Associated Press

KOLKATA, India (AP) _ A key ally of India’s ruling coalition withdrew its support from the government Tuesday to protest recent economic reforms, including a move to open the country’s huge retail sector.

Ministers from the Trinamool Congress party will resign from India’s Cabinet on Friday, its leader Mamata Banerjee told reporters in the eastern city of Kolkata.

The departure of the ally and its 19 lawmakers from the Congress party-led ruling coalition wouldn’t immediately weaken the government, which still has the support of over 300 legislators and needs 272 to stay in power. But it would leave the government vulnerable to the whims of its other allies, most of which strongly oppose the surprise move to allow foreign investment in the retail sector.

Congress party spokesman Janardhan Dwivedi said it still considers Banerjee a “valuable ally,” leading to speculation that she might be cajoled into rejoining the coalition before her party’s ministers resign on Friday.

Decisions by the government to open airlines to foreign capital, sell minority stakes in four state-run companies and hike diesel fuel prices have also drawn sharp criticism.

Opposition parties have also criticized the reforms, which were announced last week. Some, including the Hindu nationalist Bharatiya Janata Party and leftist groups, have planned a countrywide strike and protests on Thursday.

“The people want a reversal of this entire set of policies that the government is trying to impose,” Brinda Karat, a lawmaker with the Communist Party India (Marxist), told New Delhi Television channel.

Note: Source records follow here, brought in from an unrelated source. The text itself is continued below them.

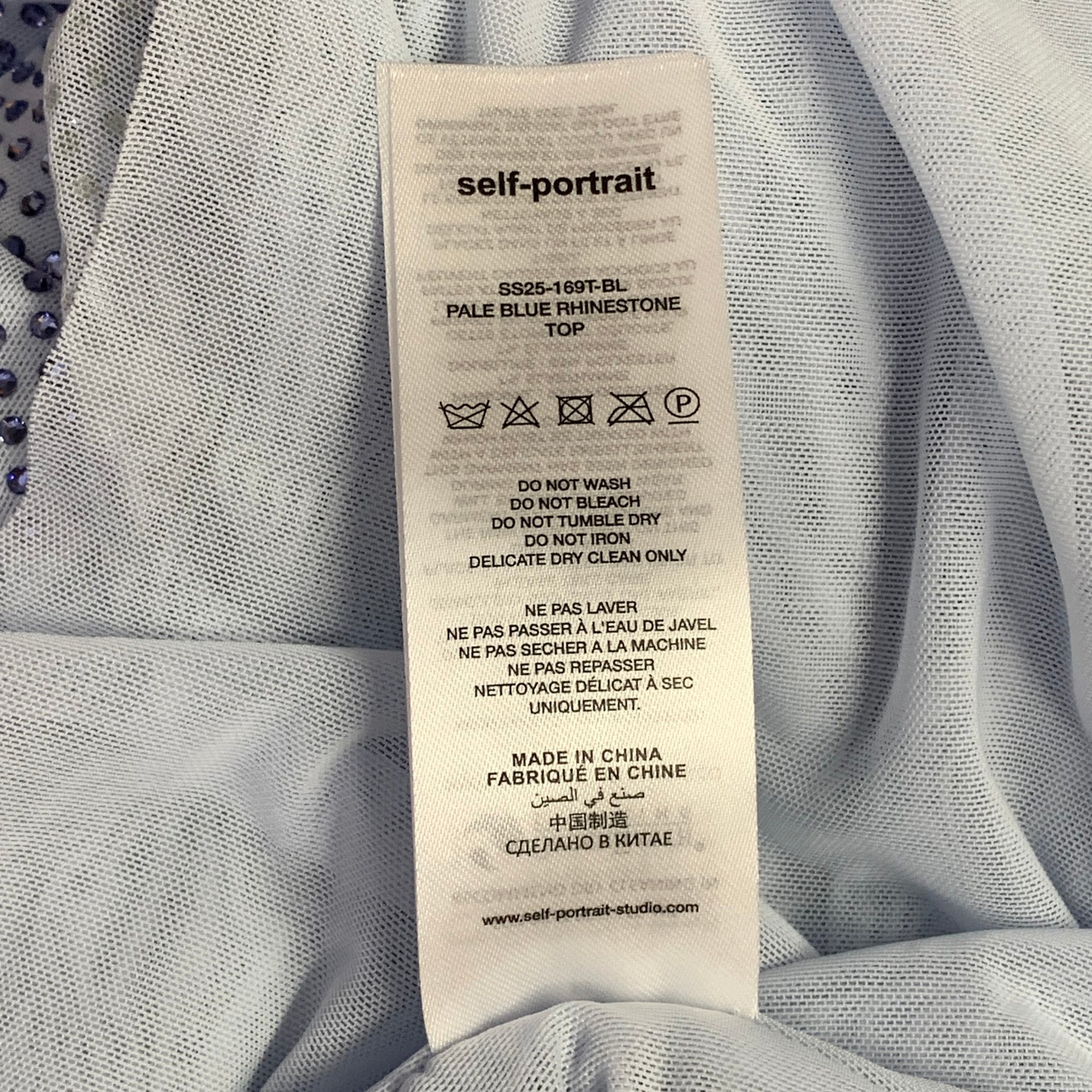 SELF-PORTRAIT SS25 Size 2 Pale Blue Polyester Blend Rhinestones Ruched Cutouts Dress Top
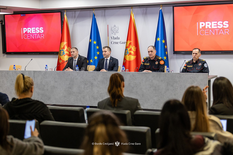 Potpredsjednik Vlade za bezbjednost i odbranu Aleksa Bečić i direktor policije Lazar Šćepanović obratili su se javnosti na pres konferenciji čiji je povod predlog izmjena i dopuna Zakona o bezbjednosti saobracaja na putevima, koji je Vlada danas utvrdila na sjednici.
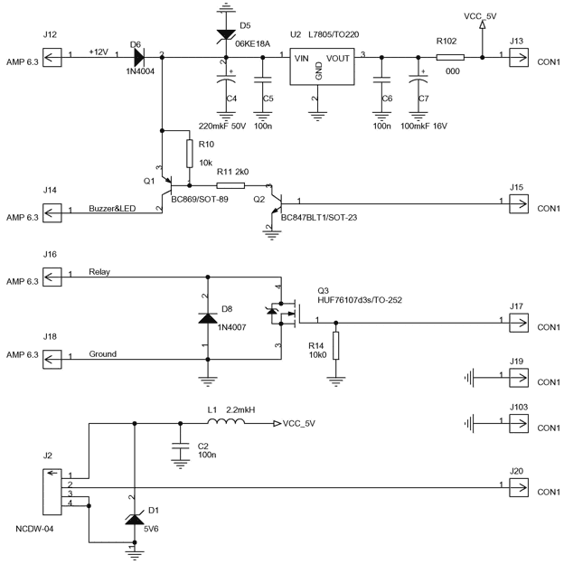 Czujnik temperatury - MAXM\DALLAS DS18х20 (DS1820); nie przedstawiono go na schemacie. Podłącza się go do płytki mocy - J2 (lub przewodami do płytki CPU).

Banerjee had initially demanded that the government reverse the reforms within 72 hours. On Tuesday she called the new retail policy a “disaster” for India’s poor.

Banerjee was also one of the loudest critics of the government’s previous attempt to open the retail market to foreign companies such as Wal-Mart, which ended last year in a humiliating back-down for the ruling party.

Earlier this week Finance Minister P. Chidambaram ruled out any rollback of the contentious measures.

The reforms are aimed at boosting growth in a slowing economy and come after months of policy paralysis as the government battled a series of corruption scandals. Business leaders have welcomed moves to reduce the government’s massive subsidy burden by increasing the price of diesel fuel.

The decision on retail investment would allow foreign companies to own majority stakes in supermarkets and other big retailers for the first time. However, individual states would have the right to decide whether to let the retailers operate in their territory.